If x^3+3ax^2+bx+c is a perfect cube .prove that b^3=27c^2
to have your expanded cubic start with x^2
you must have cubed a binomial of the form (x + m)^3
if we expand (x+m)^3 we get
x^3 + 3x^2 m + 3x m^2 + m^3
compare that with your given
x^3 + 3ax^2 + bx + c
we can say:
3a = 3 ---> a = 1
3xm^2 = bx ---> b = 3m^2
and c = m^3
so we want to prove b^3 = 27c^2
LS = b^3 = 27m^6
RS = 27(m^6) = LS
all done!
To prove that b^3 = 27c^2 when the cubic equation x^3 + 3ax^2 + bx + c is a perfect cube, we need to show that the given equation can be expressed as (mx + n)^3 for some values of m and n.
Let's begin by assuming that the given equation can be expressed as (mx + n)^3. Expanding this, we get:
(mx + n)^3 = (mx)^3 + 3(mx)^2n + 3m(nx)^2 + n^3
= m^3x^3 + 3m^2nx^2 + 3mn^2x + n^3
Now, we can compare the coefficients of the two equations:
Coefficient of x^3: m^3 = 1 (as we are assuming the given equation is a perfect cube, and the coefficient of x^3 is 1)

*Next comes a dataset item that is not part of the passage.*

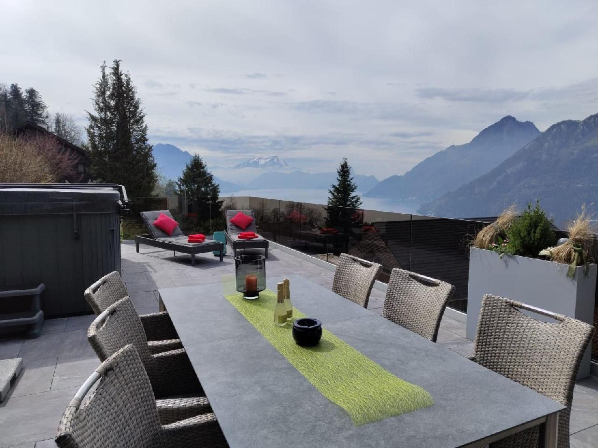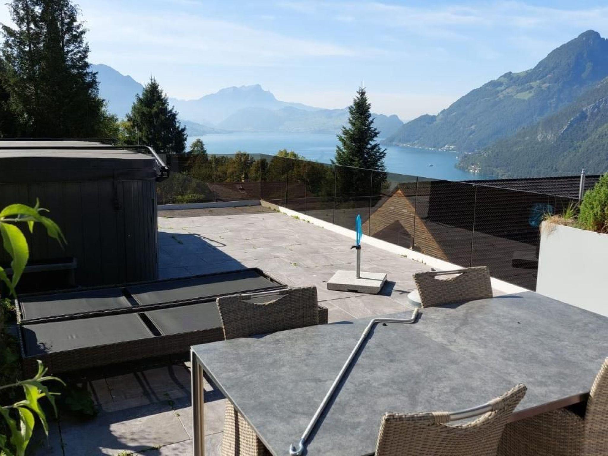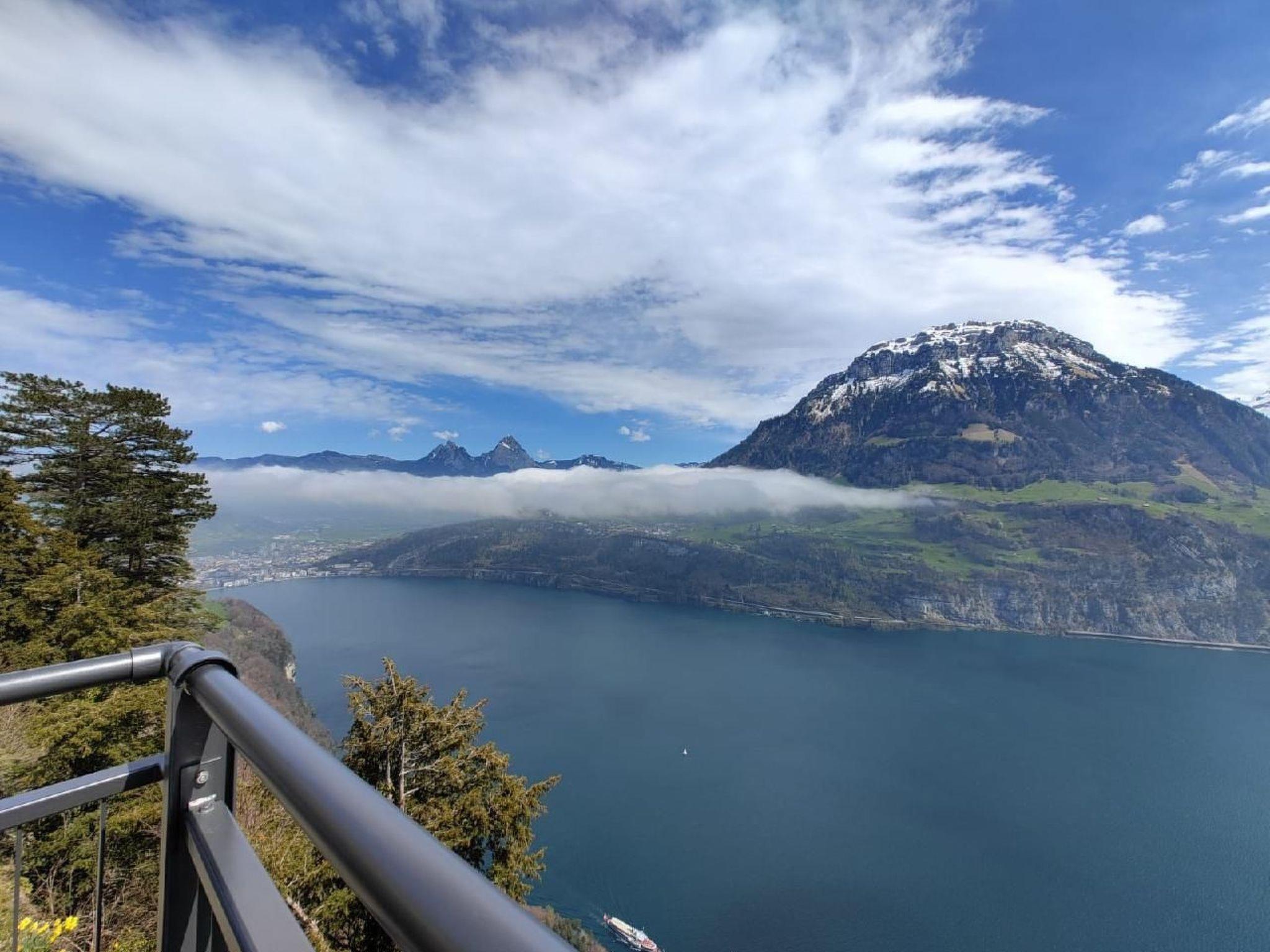Unsere Villa liegt direkt über dem Vierwaldstättersee mit einzigartigem Panoramablick auf den See und die Berge (Pilatus und Rigi)

Coefficient of x^2: 3m^2n = 3a (from the given equation, the coefficient of x^2 is 3a)
Coefficient of x: 3mn^2 = b (from the given equation, the coefficient of x is b)
Constant term: n^3 = c (from the given equation, the constant term is c)
From the coefficient of x^3, we can conclude that m = 1.
Substituting this value of m in the coefficient of x^2, we get: 3n = 3a, which simplifies to n = a.
Similarly, substituting the value of m in the coefficient of x, we get: 3n^2 = b, which simplifies to 3a^2 = b.
Finally, from the constant term, we have n^3 = c, which can be written as a^3 = c.
Now, let's calculate b^3 and 27c^2:
b^3 = (3a^2)^3 = 27a^6
27c^2 = 27(a^3)^2 = 27a^6
As we can see, b^3 and 27c^2 are equal, which proves that b^3 = 27c^2 when the given cubic equation x^3 + 3ax^2 + bx + c is a perfect cube.
In summary, we have shown that if the given cubic equation can be expressed as (mx + n)^3, with m = 1 and n = a, then b^3 = 27c^2.